1. Background on general circulation models

Annual minimum monthly winter air temperature was derived from 14 General Circulation Models (GCMs, Table A1). Also known as global climate models, GCMs depict the climate using a three dimensional grid over the globe, typically with horizontal resolutions between 250 and 600 km, 10 to 20 vertical layers in the atmosphere, and as many as 30 layers in the oceans. The resolution of these models is coarse and subgrid scale processes (e.g., turbulence in the boundary layer, thunderstorms and ocean eddies) are parameterized based on large-scale conditions, i.e., variables that are simulated on the model’s coarse grid. Even at coarse resolution, the models are run on super computers as the temperature, moisture, salinity, winds, ocean currents, etc., are predicted at hundreds of thousands of grid boxes.

GCMs can be verified by comparing their output to the recent past, e.g., how simulated and observed temperatures changed over the 20th century. An exact match between observations and model simulations in a given period is not expected because of random fluctuations in the climate system. To overcome the influence of these random fluctuations, the output of an ensemble of model runs (as opposed to a single model run) is generally compared to observations.

All the GCMs used here have simulations for the 20th century. Annual minimum monthly winter temperatures (minimum[Dec, Jan, Feb, and Mar]) for the grid cell over southern Chesapeake Bay was extracted from the 20th century runs and compared with observed minimum winter temperatures for Virginia (http://www.sercc.com/climateinfo_files/monthly/Virginia_temp.html). As an example, the GFDL CM2.1 mean was about 0.5°C lower and the standard deviation was slightly greater than observed (Table A2).
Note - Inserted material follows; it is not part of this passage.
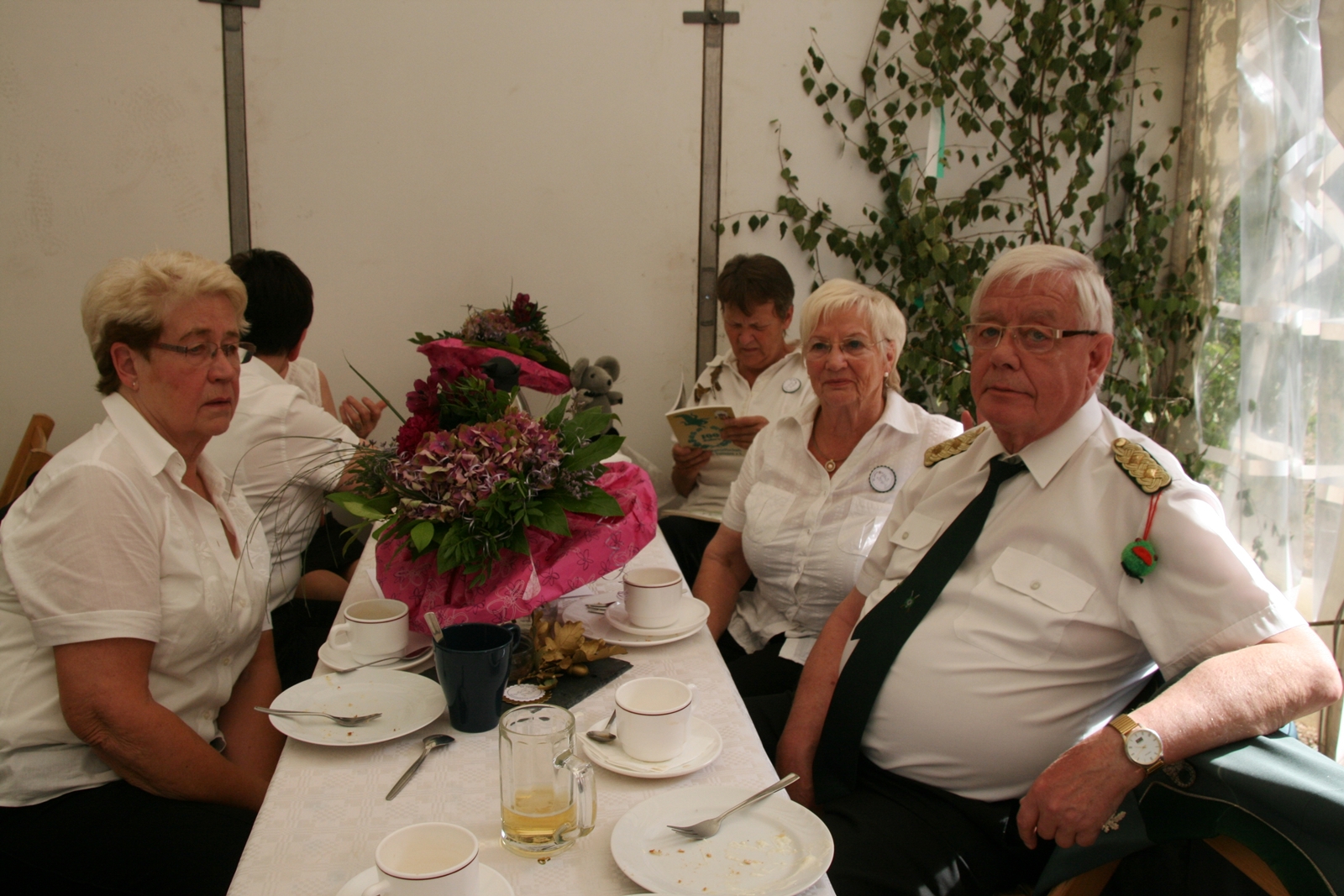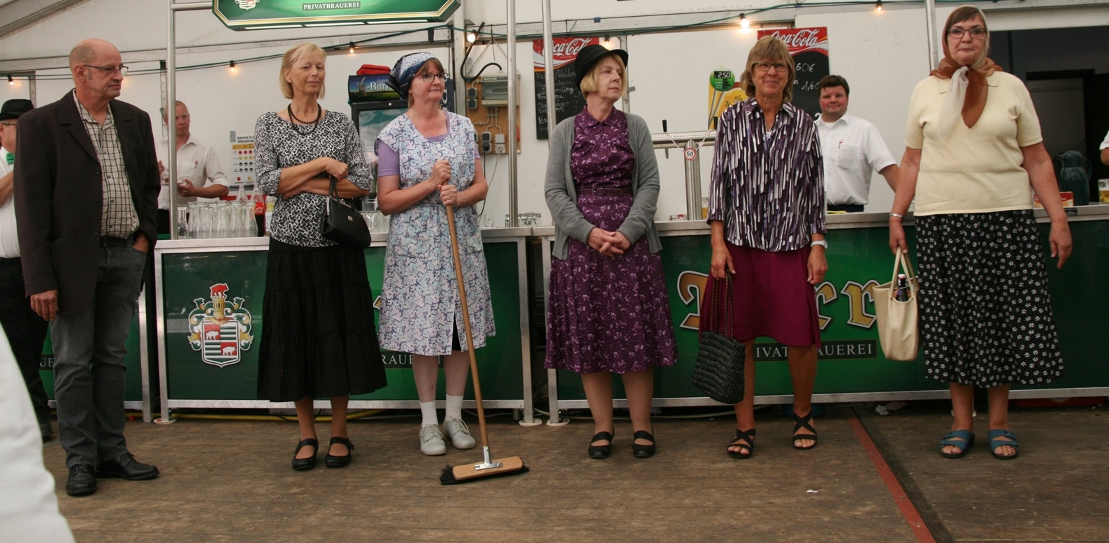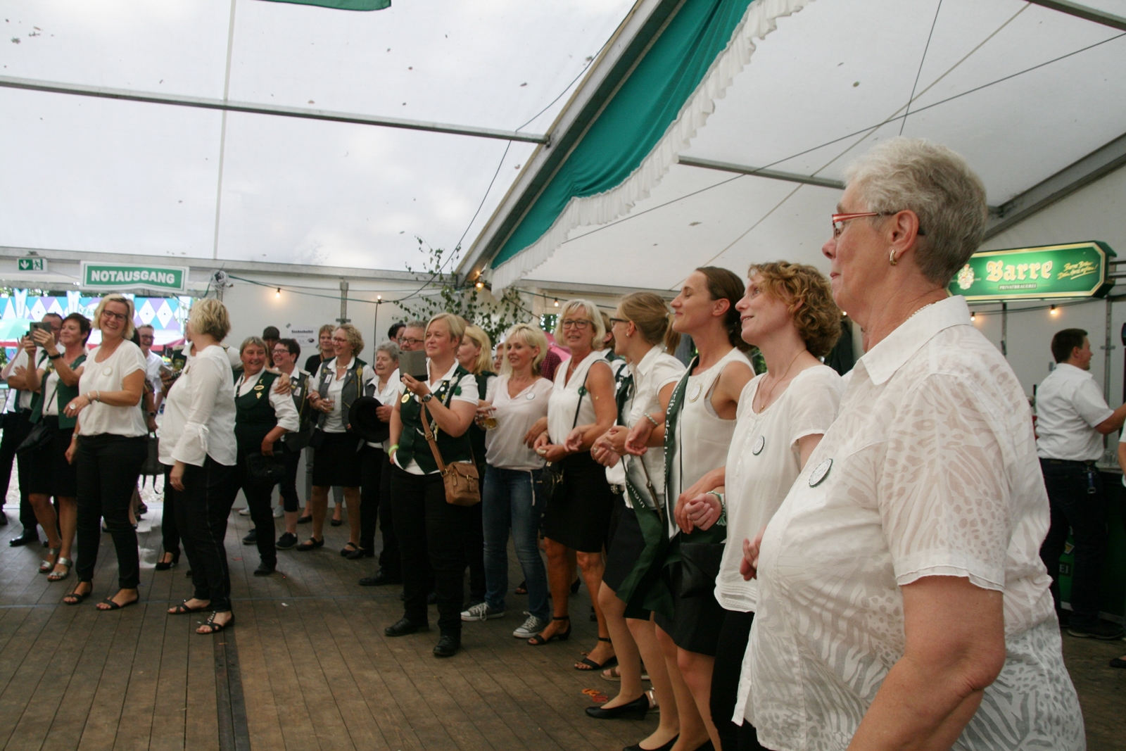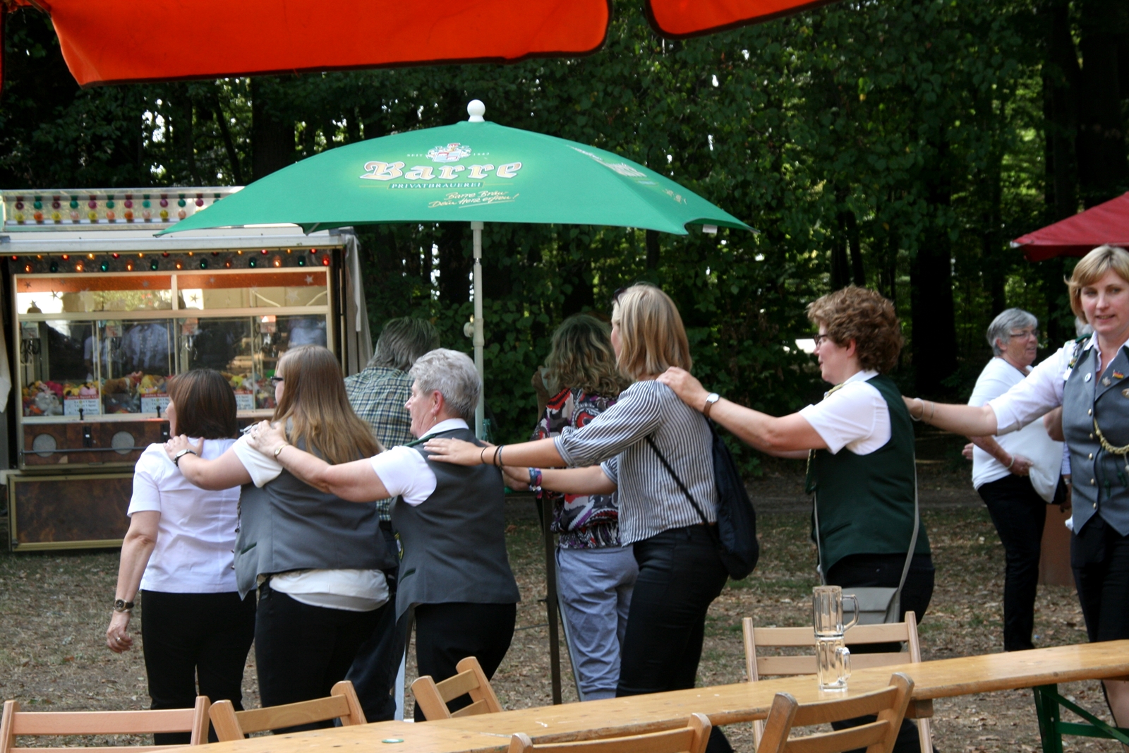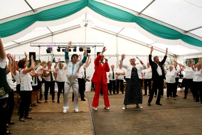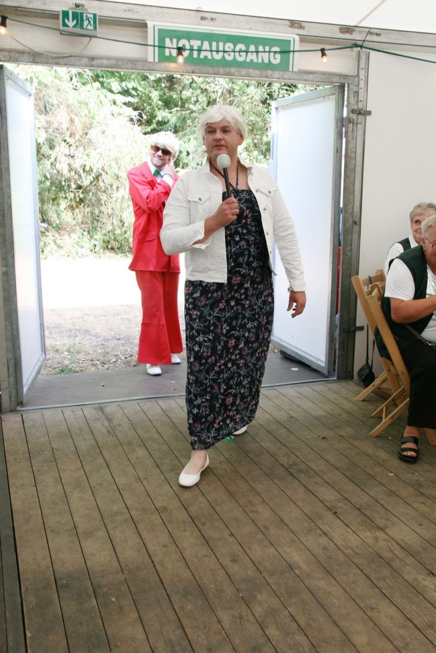"DJ Ingolf" war dann für den musikalischen Part zuständig und die Damen ließen sich nicht lange Bitten: Mit einer Polonaise im und vor dem Zelt, begann nach der Kaffeetafel ein schwungvoller Nachmittag mit tollen Überraschungen! Die Theatergruppe Gaue mit Anneliese Schardelmann, Rita Mohrmann, Ina Laging, Karin Kluge, Annette Stallbohm und Günter Wünneker, brachte zwei Sketsche und strapazierte damit die Lachmuskeln aller Schützendamen. Der Auftritt der "Schlagerstars", Herren der "Piedelpoggen" (Björn Becker, Andreas Albers, Carsten Lüllmann und Thorsten Vielhauer) sangen im Playback, brachte dann das Zelt zum Beben, "Dancing Queen", ein Abba-Hit war die geforderte "Zugabe" der vier "Solisten"! Ein nicht endender Beifall begleitete sie von der Tanzfläche...

The mean differences of other models ranged from +10°C to –4°C. These mean differences between the climate models and observations were used to bias correct the minimum winter air temperatures estimated by each GCM. The smoothed observations indicate a long-term cycle in minimum winter air-temperature with high temperatures in the 1940’s and low temperatures in the 1970’s; these warm and cool periods have been linked to the Atlantic Multidecadal Oscillation (Kerr 2000, 2005). Some of the modeled temperatures do not match this long-term trend in observed temperature, and many of the modeled temperatures seem to exhibit a cycle of similar frequency and magnitude as observed but with different timing.

TABLE A1. List of General Circulation Models (GCMs) used in this study. The institution and model name are provided, as are the links to the model metadata. For each GCM, three scenarios were used: commit, B1, and A1B. In addition, a 20th century simulation was compared to 20th century observations to develop a mean bias correction for each model. All model outputs were downloaded from the World Data Center for Climate, IPCC Data Distribution Centre (http://www.mad.zmaw.de/IPCC_DDC/html/SRES_AR4/index.html)

TABLE A2. Mean correction bias for each GCM. The average simulated minimum winter air temperature was compared to the average observed minimum winter air temperature over the 20th century. The difference in averages was added to the GCM simulated minimum winter air temperatures. A comparison of standard deviations is also provided.

FIG. A1. Distributions of observed and modeled reanalysis minimum winter air temperatures and comparison of observed and predicted means and standard deviations of temperature (top row). Time series of observations and GCM predicted minimum winter temperatures. Also shown is the corrected model estimate based on adding the mean model vs. observation difference to the model. Smoothed observations and predictions, with the predictions corrected by the mean difference between model and observations (bottom row). Results are shown for the ECHOG GCM; similar analyses were done for all GCMs. Observations are minimum monthly winter temperature in Virginia and model results are from the grid cell encompassing Chesapeake Bay.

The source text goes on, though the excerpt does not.